As many of our astute commenters suspected, it was a drug deal gone bad that sparked Wednesday night's wild car chase and fatal shooting in Washington Heights. It was originally reported that a man had flagged down a patrol car screaming that he was robbed and pointing to a silver Cadillac a few car lengths ahead, near West 170th street. And while police say it's true that the man and his buddy were robbed—of somewhere between $500 and $1,200 cash—it's now confirmed that the robbery was a pot deal gone bad.

The deal went sideways around 8 p.m. after the unidentified buyers handed over at least $500 to Maximo (Flaco) Pequero, who's out on parole after serving nearly three years in state prison after getting busted with 13 bags of crack cocaine. NYPD spokesman Paul Browne tells the Times that Pequero handed over "something that resembled marijuana, but was not." The dupes only realized it after Pequero and his associates started driving off, but they were able to flag a cop before he got away completely.

A chaotic 15 minute chase ensued, with multiple squad cars joining as Pequero careened through Washington Heights, crashing into parked cars, a motorcycle rider and a pedestrian, both of whom escaped with minor injuries. Finally, a plain clothes officer, Chris Labate, stood in the street with his partner, a sergeant, on the sidewalk. A witness reportedly heard them them yell, “Police, freeze!” and “Stop, police!” as Pequero drove directly at Labate. Browne tells the Times Labate fired once through the windshield when the Cadillac was five feet from him, then Pequero "reversed, rammed a car behind him, and then, tires smoking, drove again at the officer, who stepped to the side and fired once into the passenger door."
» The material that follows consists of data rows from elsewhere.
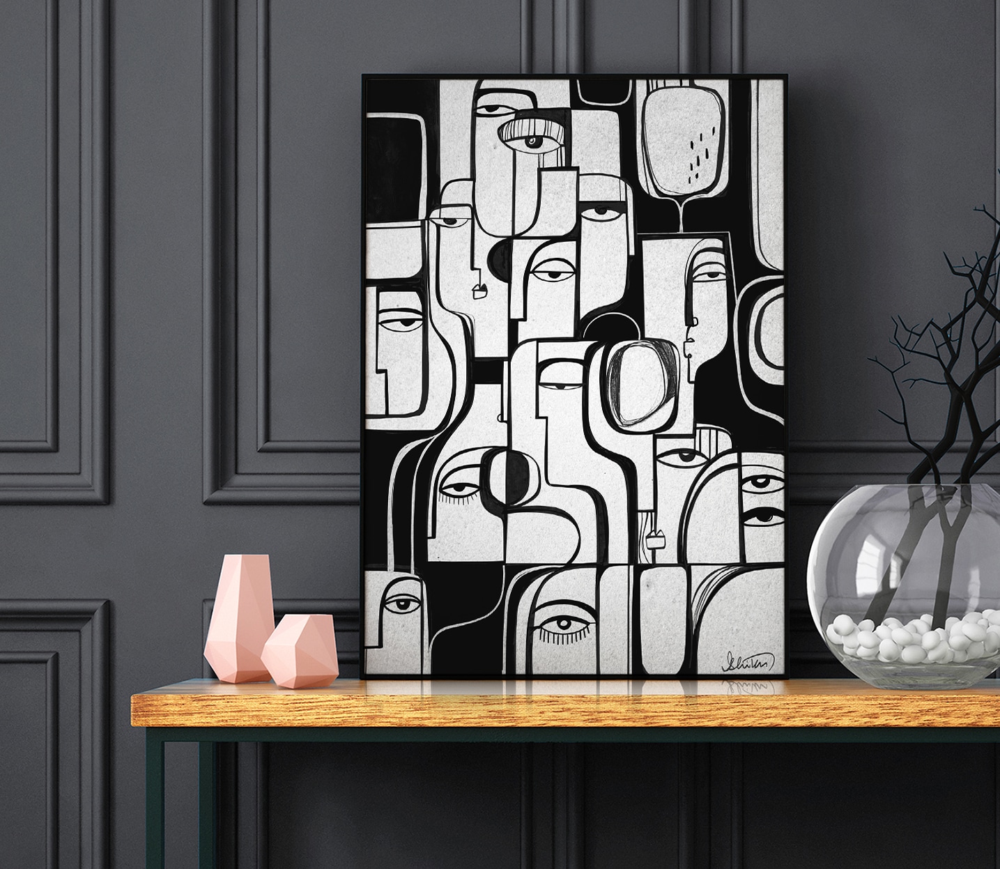 Modern, Cubist style faces in bold black and white, superimposed forms and flowing lines. come together to make a statement in this unique, one of a kind art print that adds a modern day, vintage glamor to your decor.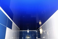 Натяжной потолок могут смонтировать лишь специалисты со специальным оборудованием в наличии – полотно требует разогрева перед монтажом. Данный вид потолка лучше всего противостоит высокой влажности в ванной комнате, и более того, с таким потолком не страшно затопление соседями.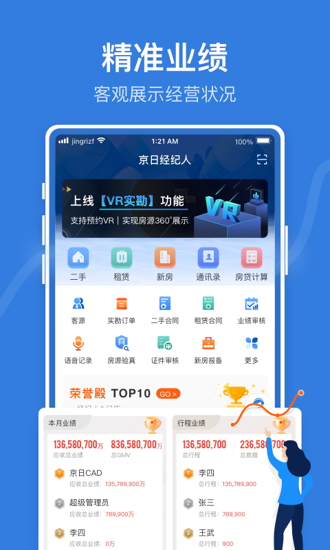 實(shí)時(shí)跟進(jìn)房客信息,捕捉最新的房客動(dòng)態(tài)。精準(zhǔn)展示經(jīng)紀(jì)人業(yè)績,反饋經(jīng)營狀況。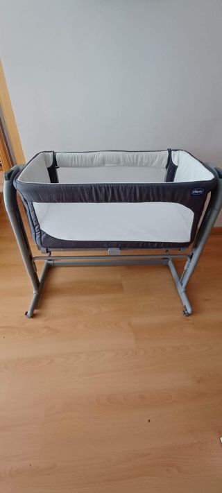 Cuna colecho Chicco Next2Me en perfecto estado. Ideal para que el bebé duerma cerca de los padres. - Estructura de metal resistente y estable. - Tejido suave y transpirable de color gris. - Incluye ruedas para facilitar el movimiento. - Fácil montaje y desmontaje.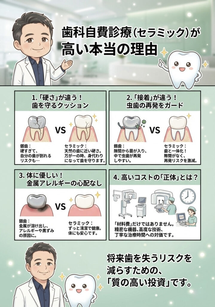 なぜ「硬い銀歯」より「セラミック」が良いとされるのか、その理由を分解して解説します。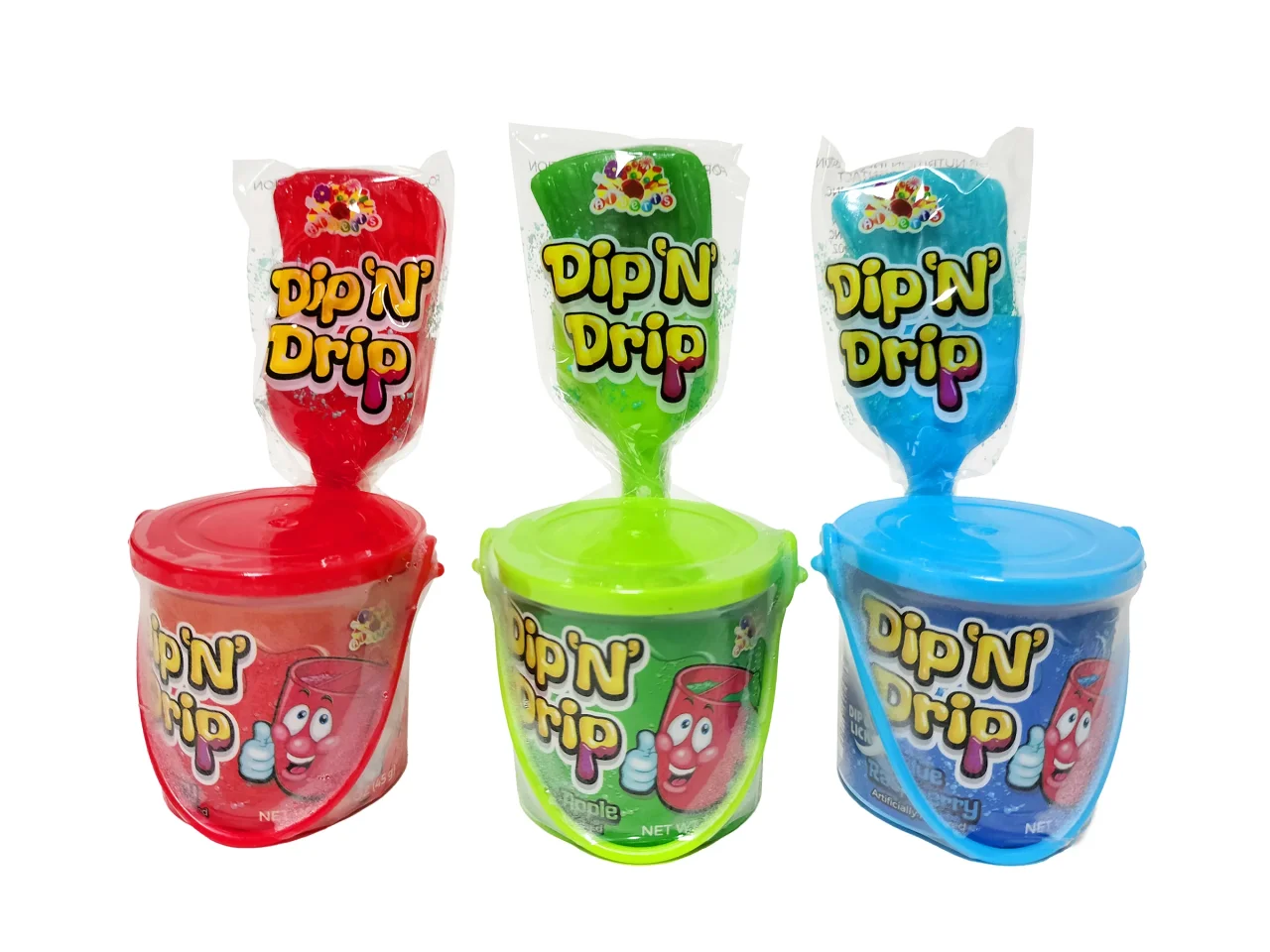 Be prepared to pucker up for our Dip ‘N’ Drip! This item consists of a tasty fruit flavored lollipop in the shape of a paintbrush and a two-part “paint” bucket. One side of the paint bucket contains Sour Gooey Ooze and the other side has Sour Powder. Kids will love dipping the fruity pop into just the ooze, just the powder or the sweetest treat of all… dipping into both!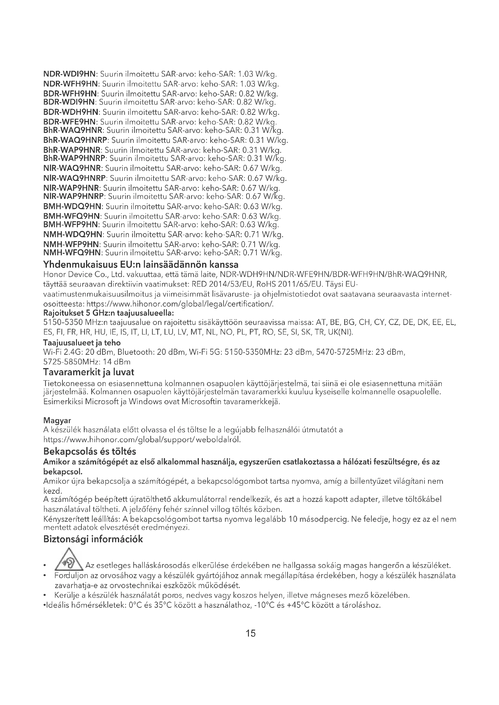 terméket es az akkumuláort a helyi hatósagok által kijelölt külön hulladékgyüjto pontokra kell vinni az elettartamuk vegén. Ez biztosítja az EEE hulladékok ujrahasznosithatósagát es kezelését oylan modon, hogy az értékes anyagaik megörizhetók legyenek, és azoktól az embari egészég és a környezet megóvható legyen. Bóvebb informácior térkjuk, vegye fel a kapcsolatot a helyi hatósagokkal, a viszonteladoval vagy a háztartásihulladékot kezeló szolgaltatóval, illetve latogasson el a https://www.hihonor.com/weboldalra.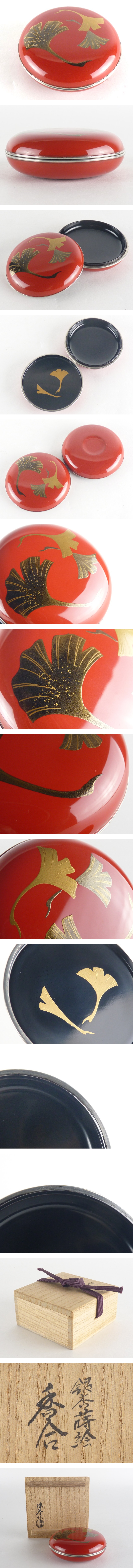 【扇屋】新谷漆峯 作「銀杏蒔絵 香合」銀縁 共箱 茶道具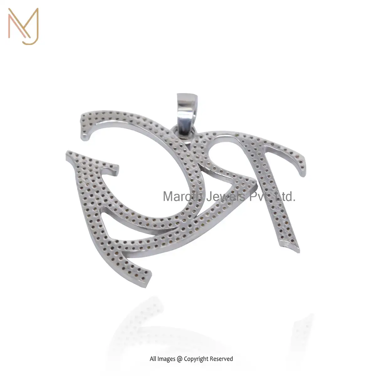 Wholesale 925 Silver Natural Silver Pave Diamond RG Letter Pendant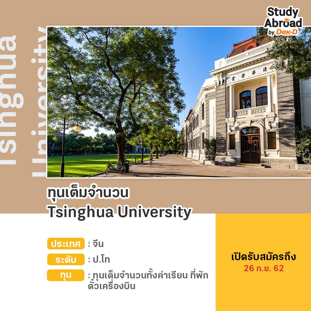 ทุนเต็มจำนวนเรียนต่อป.โท ที่ Tsinghua University ประเทศจีน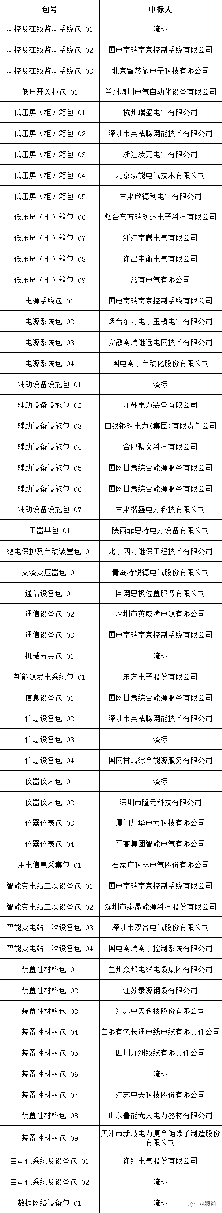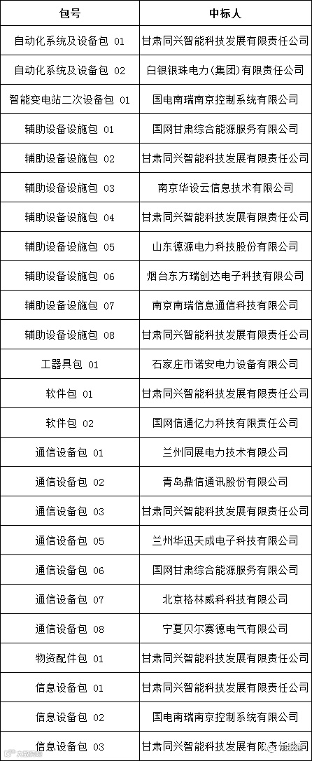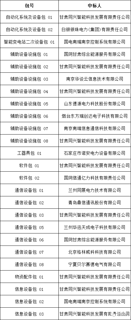国网甘肃省电力公司2023年新增第五次物资公开招标采购项目的中标候选人公示活动已经结束。现将中标人名单公告如下: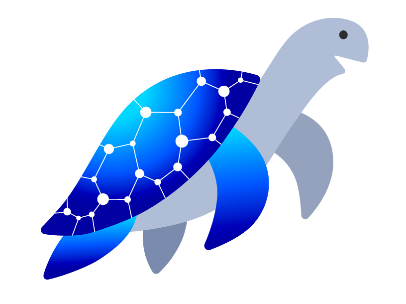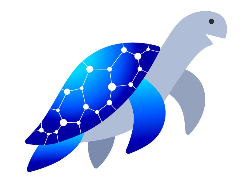 甲羅の模様はAIのニューラルネットワークを表現しており、ロゴの六角形とも世界観が統一されています。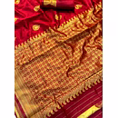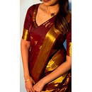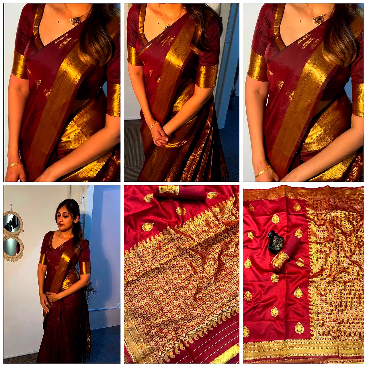 Drape yourself in the timeless elegance of our Maroon Lichi Silk Saree. Perfectly blending traditional Banarasi motifs with modern comfort, this saree is designed for the woman who loves to make a sophisticated statement.

The NYPD Patrol Guide bars cops from shooting at a moving vehicle if the car is the only weapon being used, but there is an "overarching" guideline that allows them to shoot if there's risk of getting hurt. Pequero, who was unarmed—except for, you know, the car—was hit in the neck and died at the scene; his three passengers were arrested. A friend of Pequero tells the Daily News, "They didn't need to shoot him. There was no gun [and] they never found no gun." As for the would-be drug buyers who prompted the chase, they're being treated as witnesses.